In the 5.2-codex model’s prompt, the sections around autonomy, ambition, etc. are all gone. And its prompt is only half the size of prompt for GPT-5.2. And the codex model release notes mention that it is made for long-running tasks, which hints at autonomy being baked in through post-training.

Any customisation through model post-training is opaque to end users, unfortunately.


My conclusions

All this is my interpretation, of course, and I can’t know what parts of the system prompt get more attention during inference. From my experience in prompting these models though, I feel like they pick up on the general theme of instructions given the context, reading in between the words and filling the gaps where the words aren’t present, in order to interpret the author’s intentions. I guess I’m doing the same thing here.

From the analysis in this post, Codex CLI optimizes for task completion, and Claude Code optimizes for user alignment and consent. But my take-aways are broader:

  1. System prompts are used to steer models into different behaviours. It is difficult to pull apart the model’s behaviour into prompt-based and training-based, so the extent of steer-ability is somewhat unknown.
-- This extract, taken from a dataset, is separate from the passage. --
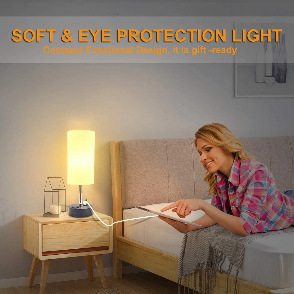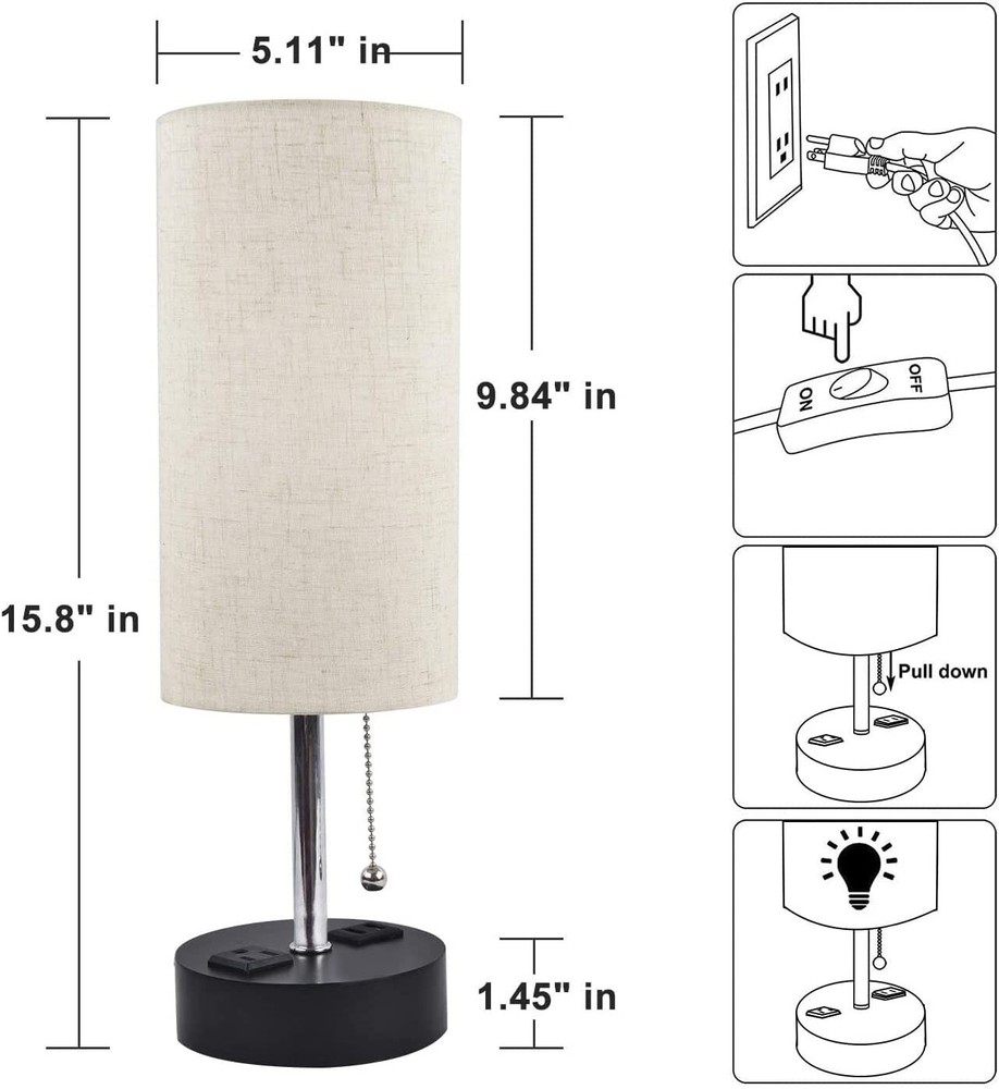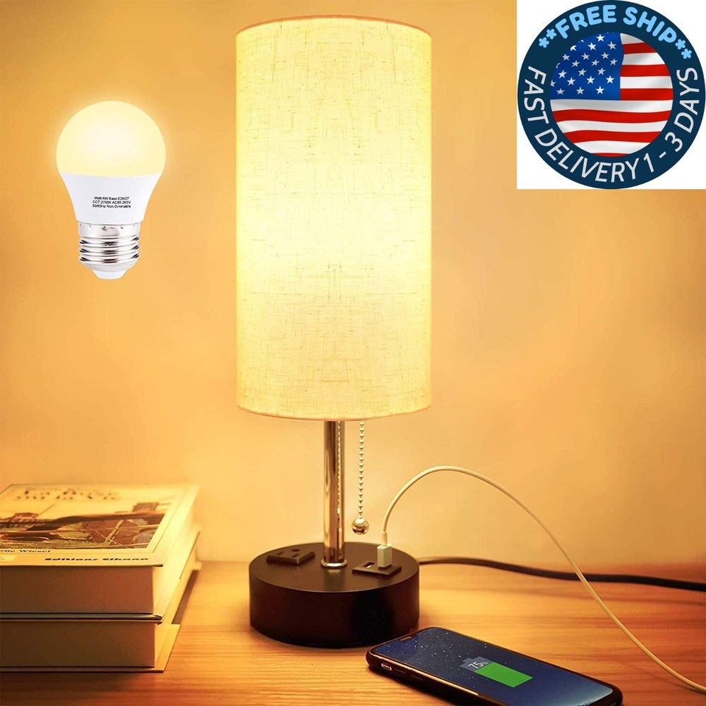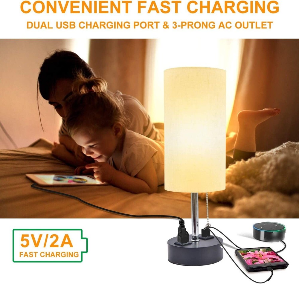Lamparas De Mesa De Noche Luces Retro Gris Con Puerto USB Sala Dormitorio Coci Lámpara de noche USB dual?Dos puertos de carga USB de 5 V/2 A y una toma de corriente están disponibles para que cargues tus teléfonos móviles, iPad y otros dispositivos al mismo tiempo, no afectará su funcionamiento normal. Es más conveniente para usted usar sus dispositivos en la cama durante la carga de la lámpara. ?Haz tu vida más fácil?El interruptor de la lámpara de mesa USB es fácil de controlar. Después de enchufar la toma de corriente, solo necesita tirar de la cadena de metal y presionar el botón de ENCENDIDO/APAGADO para encenderlo/apagarlo. Por lo tanto, no tiene que levantarse y encontrar el pequeño interruptor en la oscuridad de la noche para encender la lámpara, simplemente tire de la cadena de metal si ha presionado el botón de ENCENDIDO. ?Bombilla LED de ahorro de energía incluida? Ra?80 como un color de luz diurna, 600LM. Esta moderna lámpara de noche viene con una bombilla LED blanca cálida de 2700 K de primera calidad. Te ayudará a ahorrar hasta un 90% de energía. Tiene una larga vida útil de más de 30.000 horas. La suave iluminación crea una atmósfera cómoda y tus ojos no estarán estresados ??ni siquiera leyendo durante mucho tiempo. ?Diseño de lámpara moderno minimalista? El diseño simple y moderno de la lámpara de cabecera combina perfectamente con diferentes tipos de diseño de habitación. La luz de nuestra lámpara de sobremesa es suave pero no oscura. Se adapta bien a su dormitorio, sala de estar, habitación de invitados, habitación de los niños, etc. Con la luz suave, se sentirá relajado y relajado. Definitivamente es una mejor opción como regalo para su familia o amigos.

However, for example, I’ve seen observable differences when using Claude Code with Codex’s system prompt.
  2. While the models, harnesses, and tools might evolve, it appears to me as though the products themselves are differently positioned, and possibly headed in different directions. At the very least, they operate with different philosophies of what a coding agent should do.
  3. If you want to understand and wield your AI tools better, read their system prompts.